SPRING, Texas — A father seen cussing out deputies in a viral video claims his civil rights were violated. Harris County Precinct 4 Constable Mark Herman saw no wrong.
All involved agree bad information led to the near arrest of Clarence Evans, III last Wednesday.
“I was frightened,” he told KHOU 11 News. “I was terrified.”
But how it started left Evans, his family and lawyer at odds with cops.
“(The deputy) took two men with dreadlocks and decided that they were the same person,” said U.A. Lewis, Evans’ attorney.
“That is not profiling,” said Joe Gamaldi, president of Houston Police Officers’ Union. “That’s an officer doing his job.”
Evans claimed Deputy Garrett Lindley showed up alone wondering about the family’s dog and asking if the pet was missing.
“I told him that can’t be possible,” Evans said. “He said, 'OK, I’m just going to write a report and get out your hair.' He asked me for my (identification).
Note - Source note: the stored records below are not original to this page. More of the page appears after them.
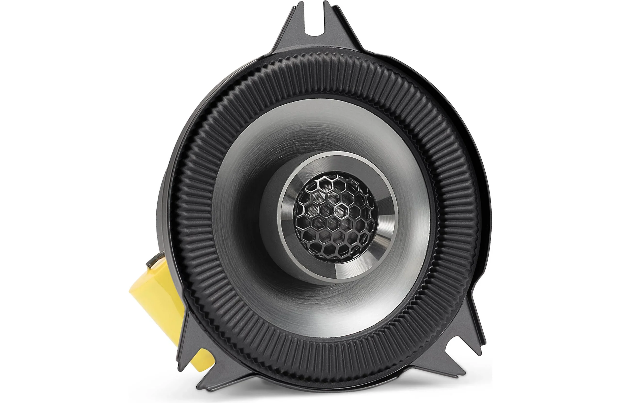 The Alpine BRV-S40 4″ coaxial speakers are an excellent way to add life to your sound. In fact, they’re Hi-Res Audio Certified by the Japan Audio Society (JAS). These coaxial speakers combine rigid, high-excursion woofers with 3/4″ tweeters in a combo that Alpine has designed and tested to maximize the Optim DSP output from select Alpine amplifiers. The woofer features Alpine’s new H.E.D.G.E. multi-roll surround with a corrugated design, so stress is spread across the ribs you see in the image below. The ribs act like an expansion joint so the cone travels without stretching the surround too much. This design is usually found on high-excursion subwoofers, where a speaker needs long travel and great control.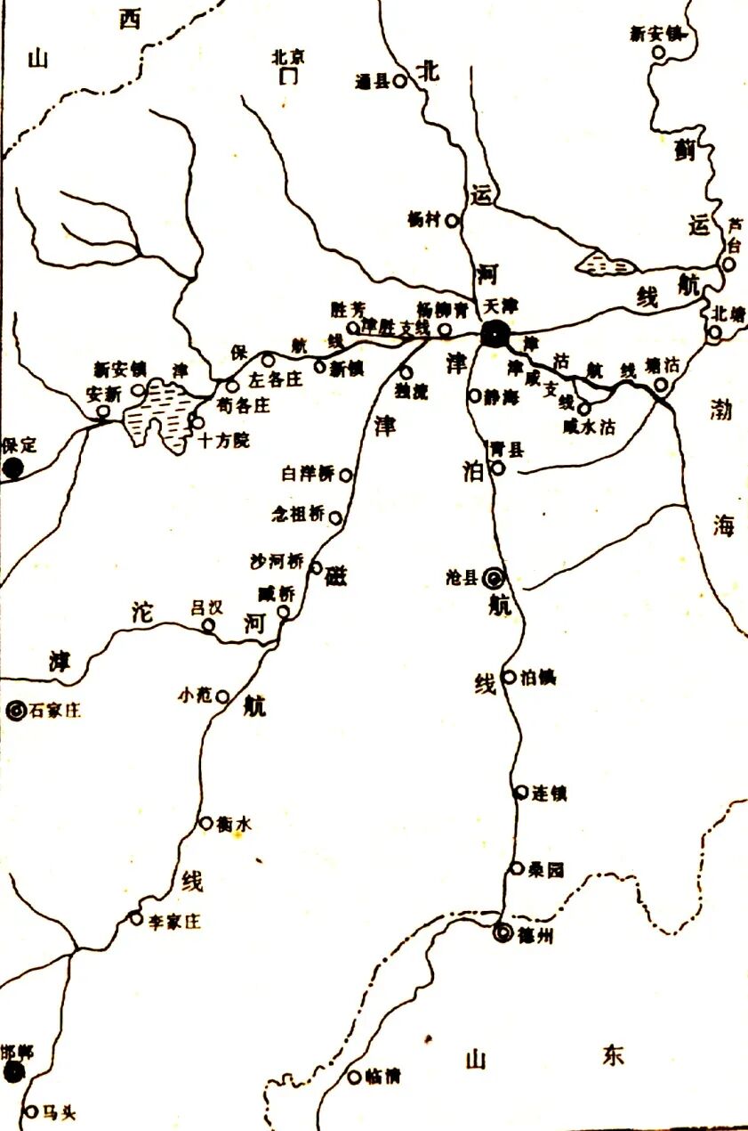 1915年3月25日,“津保航线(天津至保定,大清河航线)”进行延长,由苏桥延伸至安新县新安镇,途经站点为:天津、杨柳青、高庄子、台头、石沟、左各庄、苏桥、苑口、药王庙、史各庄、十方院、王家寨、再到安新县新安镇。每年客运量有5—7万人次。同时辟有“津胜支线”,由天津经杨柳青、高庄子至胜芳,航程40公里。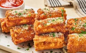 Ingredients 6 lasagna sheetscooking spray8 oz pimento cheese6 mozzarella sticks, halved4 large eggs, beaten2 cups panko breadcrumbs2 cups oil for frying, or as neededParmesan cheese (optional garnish)chopped scallions (optional garnish)ranch dressing or marinara sauce for dipping Directions Step 1: Bring a large pot of salted water ...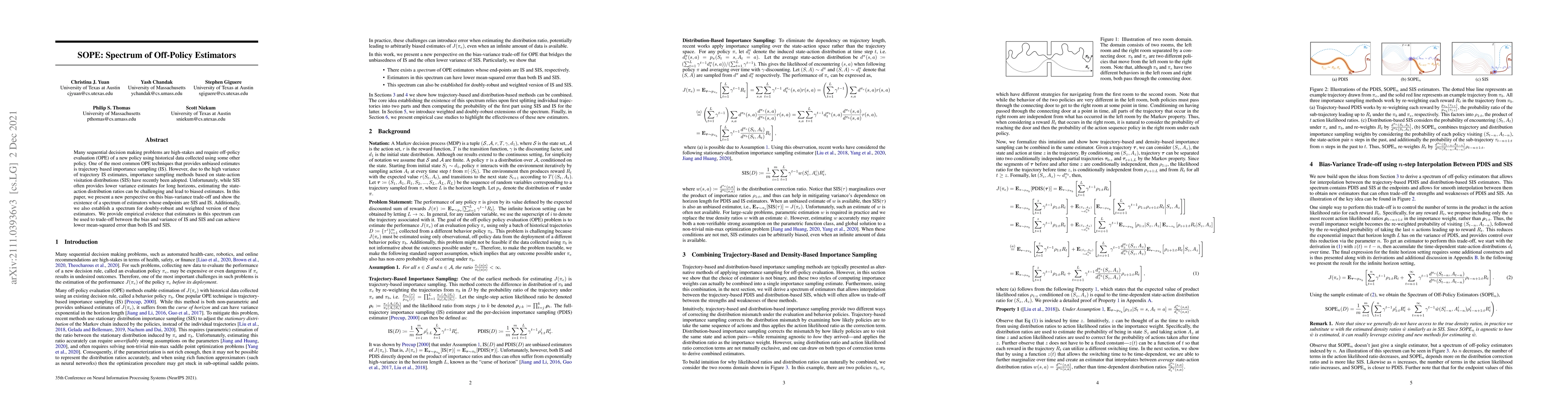 This paper introduces a spectrum of off-policy estimators (SOPE) that bridges the bias-variance trade-off between importance sampling (IS) and state-action visitation distribution sampling (SIS). It demonstrates that these estimators can achieve lower mean-squared error than either IS or SIS by trading off bias and variance.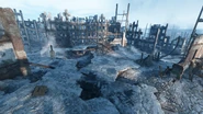 Apartments encompasses the ground between Cinema and Cathedral, and includes Cathedral Street, Courtyard and the ruined buildings betwixt. Of note is the Connector, a path carved through the Apartment block to the north side of Cinema, with a wooden gangplack needing to be built to traverse the gap. The Apartment buildings consist of ruined hallway with adjoining rooms. Some have been completely destroyed by the bombing, leaving only an open doorway and a rubble ramp down to street level. Others, such as the one overlooking Cinema, have only a partial number of walls or gaps in the floor. The rest are either mostly intact or inaccessible.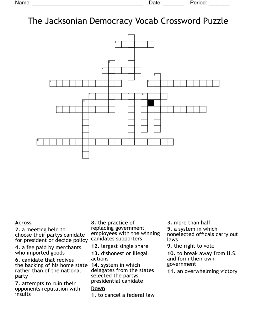 The Jacksonian Democracy Vocab Crossword Puzzle WordMint
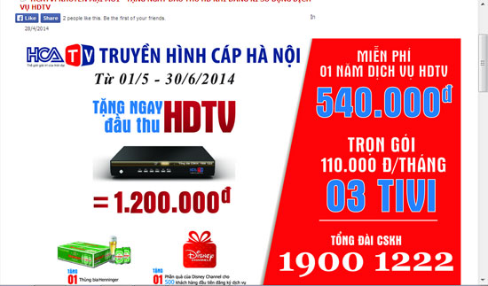 Nhân mùa World Cup sắp đến, gia đình chị Hương (tổ 10, phường Khương Đình, Thanh Xuân, Hà Nội) tìm hiểu để lựa chọn sử dụng dịch vụ truyền hình HD. Chị Hương cho biết, chị đã được một phen mừng hụt vì cách quảng cáo giá cước dịch vụ truyền hình HD của Truyền hình cáp Việt Nam (VTVcab). Khi vào trang web giới thiệu dịch vụ của nhà đài này, chị Hương đọc luôn được bài quảng cáo "Cực đỉnh với cơn lốc đầu thu HD của VTVcab", theo đó, từ ngày 10/5 - 25/6/2014, VTVcab trang bị miễn phí đầu thu HD đến từng hộ gia đình tại Hà Nội khi khách hàng đăng ký 6 tháng thuê bao gói kênh HD trị giá 300.000 đồng.

I told him I didn’t feel I need to ID myself because I’m on my private property. So he asked me what’s your name. I told him my name is Clarence. That’s when he told me no, your name is Reg, and you have a warrant out of Louisiana.”
Evans’ wife recorded her husband cuss out the deputy who grabbed her husband’s arm while calling him Reg and Quentin. After looking at a photo of the actual fugitive, Lindley and a second deputy who showed up to help let Evans go.
“Only thing (the fugitive and I) had in common is dreds and our skin complexion,” Evans said.
Precinct 4 Constable Mark Herman told KHOU 11 Lindley did no wrong by responding to a tip called in by someone in the neighborhood. His job requires him to investigate.
“The deputy was there on official business based on a report that a wanted fugitive was near the location,” Pct. 4 Chief Deputy Donald Steward said in a statement. “The deputies left when they determined that this man was not the suspect they were seeking.”
Gamaldi said Evans should have complied.
“If this officer just rolled up without a call for service, without a civilian saying this is the guy with the warrant, I would feel very differently about this case,” Gamaldi said.
Evans, though, felt Lindley lied upon his arrival and felt in danger. Evans also doubted a single deputy would show up to serve a warrant.
“Especially what just happened with HPD and (the raid where) two people lost their lives behind a warrant,” Evans said.
Last year, a grand jury no billed Lindley for his role in a shooting. Evans family now wants the deputy fired. Constable Herman saw no reason for such action. He pointed out Evans filed no formal complaint about what happened last week.
Evans’ lawyer said they are still gathering information and could file complaints and/or a lawsuit.